**The data**
▶

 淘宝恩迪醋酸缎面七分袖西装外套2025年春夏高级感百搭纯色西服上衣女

◀
▶

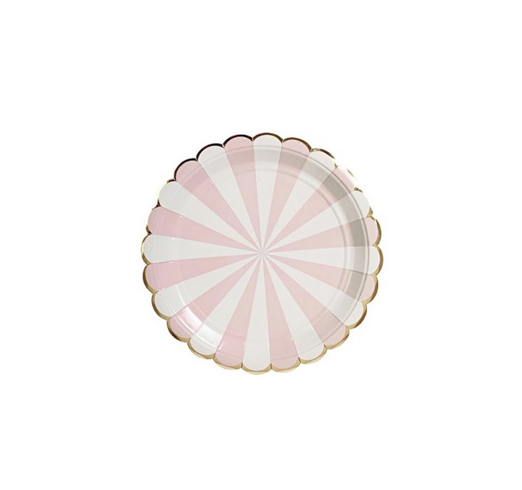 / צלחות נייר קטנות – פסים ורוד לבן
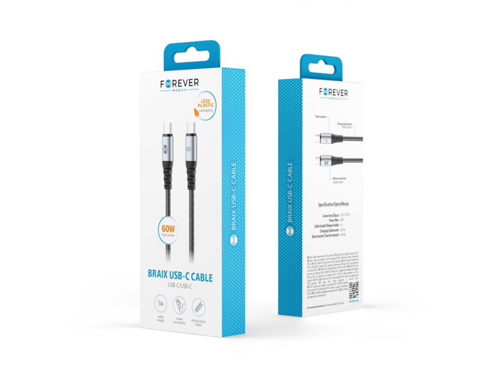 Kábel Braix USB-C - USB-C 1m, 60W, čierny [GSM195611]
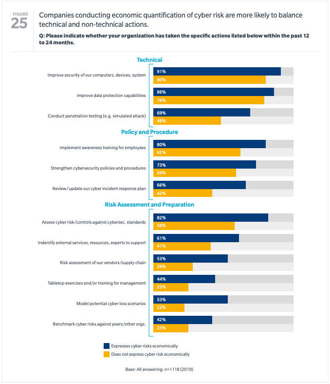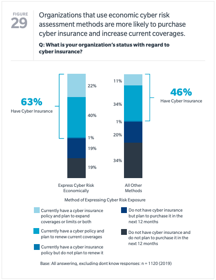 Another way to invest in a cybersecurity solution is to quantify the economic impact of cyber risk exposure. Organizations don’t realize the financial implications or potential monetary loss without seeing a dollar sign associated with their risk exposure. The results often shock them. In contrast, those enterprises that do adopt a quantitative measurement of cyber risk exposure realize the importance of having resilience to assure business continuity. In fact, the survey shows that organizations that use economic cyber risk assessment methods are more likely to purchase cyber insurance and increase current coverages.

◀

**Exercise requirements**
Reproduce the listing above from the line that holds "פסים ורוד לבן" through the line that holds "Another way to", both included, with the pictures left out.

**Answer space**
 / צלחות נייר קטנות – פסים ורוד לבן
 Kábel Braix USB-C - USB-C 1m, 60W, čierny [GSM195611]
 Another way to invest in a cybersecurity solution is to quantify the economic impact of cyber risk exposure. Organizations don’t realize the financial implications or potential monetary loss without seeing a dollar sign associated with their risk exposure. The results often shock them. In contrast, those enterprises that do adopt a quantitative measurement of cyber risk exposure realize the importance of having resilience to assure business continuity. In fact, the survey shows that organizations that use economic cyber risk assessment methods are more likely to purchase cyber insurance and increase current coverages.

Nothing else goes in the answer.